CVMar 27, 2024

CosalPure: Learning Concept from Group Images for Robust Co-Saliency Detection

arXiv:2403.18554v25 citationsh-index: 29CVPR
AI Analysis

This addresses a robustness problem for computer vision applications using CoSOD, but it is incremental as it builds on existing CoSOD methods and adversarial defense techniques.

The paper tackles the vulnerability of co-salient object detection (CoSOD) methods to adversarial perturbations by proposing CosalPure, a framework that learns the concept of co-salient objects from group images and uses it to purify adversarial inputs, resulting in significant robustness enhancement against various attack patterns.

Co-salient object detection (CoSOD) aims to identify the common and salient (usually in the foreground) regions across a given group of images. Although achieving significant progress, state-of-the-art CoSODs could be easily affected by some adversarial perturbations, leading to substantial accuracy reduction. The adversarial perturbations can mislead CoSODs but do not change the high-level semantic information (e.g., concept) of the co-salient objects. In this paper, we propose a novel robustness enhancement framework by first learning the concept of the co-salient objects based on the input group images and then leveraging this concept to purify adversarial perturbations, which are subsequently fed to CoSODs for robustness enhancement.

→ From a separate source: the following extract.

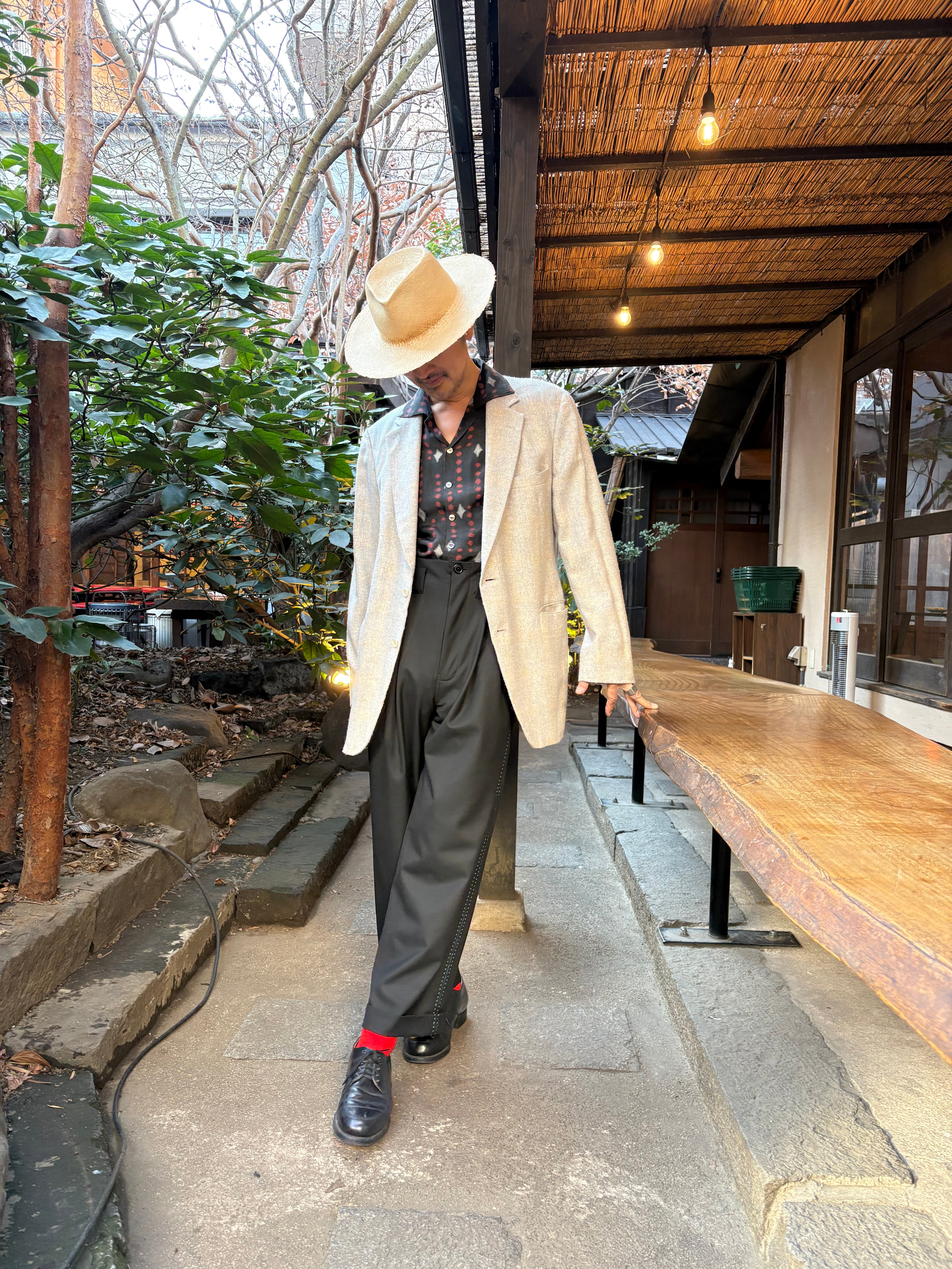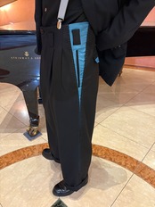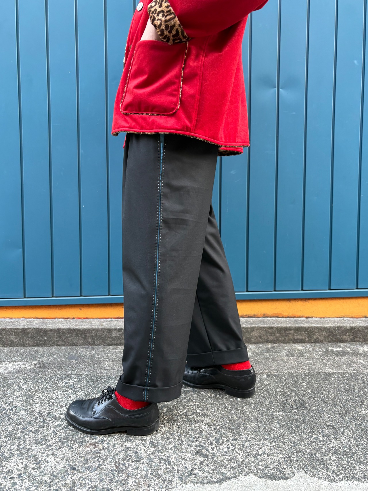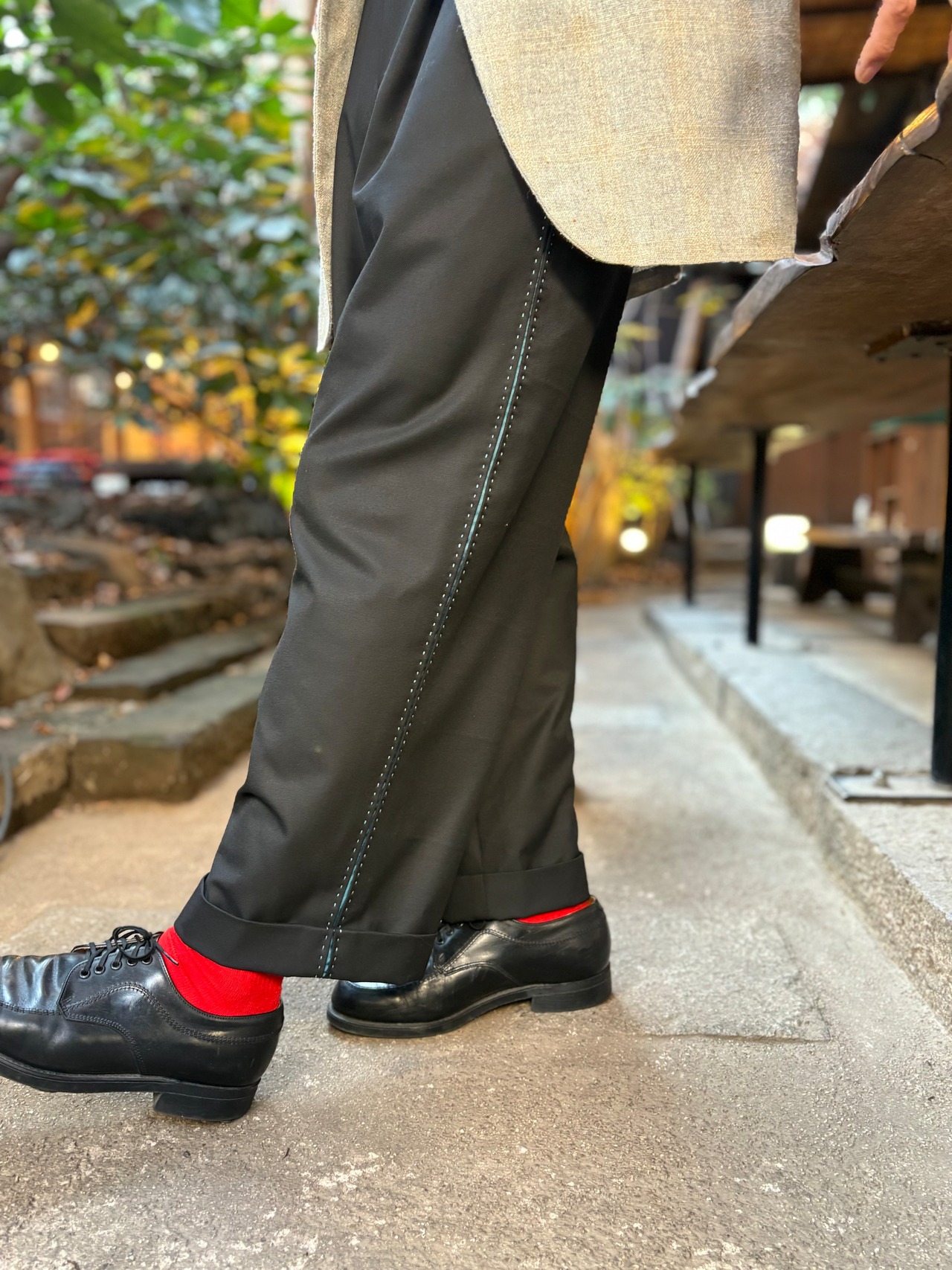 そのままチラリとさり気なくのぞく切り替えのプリーツラインこそが、このピストルパンツの顔。

Specifically, we propose CosalPure containing two modules, i.e., group-image concept learning and concept-guided diffusion purification. For the first module, we adopt a pre-trained text-to-image diffusion model to learn the concept of co-salient objects within group images where the learned concept is robust to adversarial examples. For the second module, we map the adversarial image to the latent space and then perform diffusion generation by embedding the learned concept into the noise prediction function as an extra condition. Our method can effectively alleviate the influence of the SOTA adversarial attack containing different adversarial patterns, including exposure and noise. The extensive results demonstrate that our method could enhance the robustness of CoSODs significantly.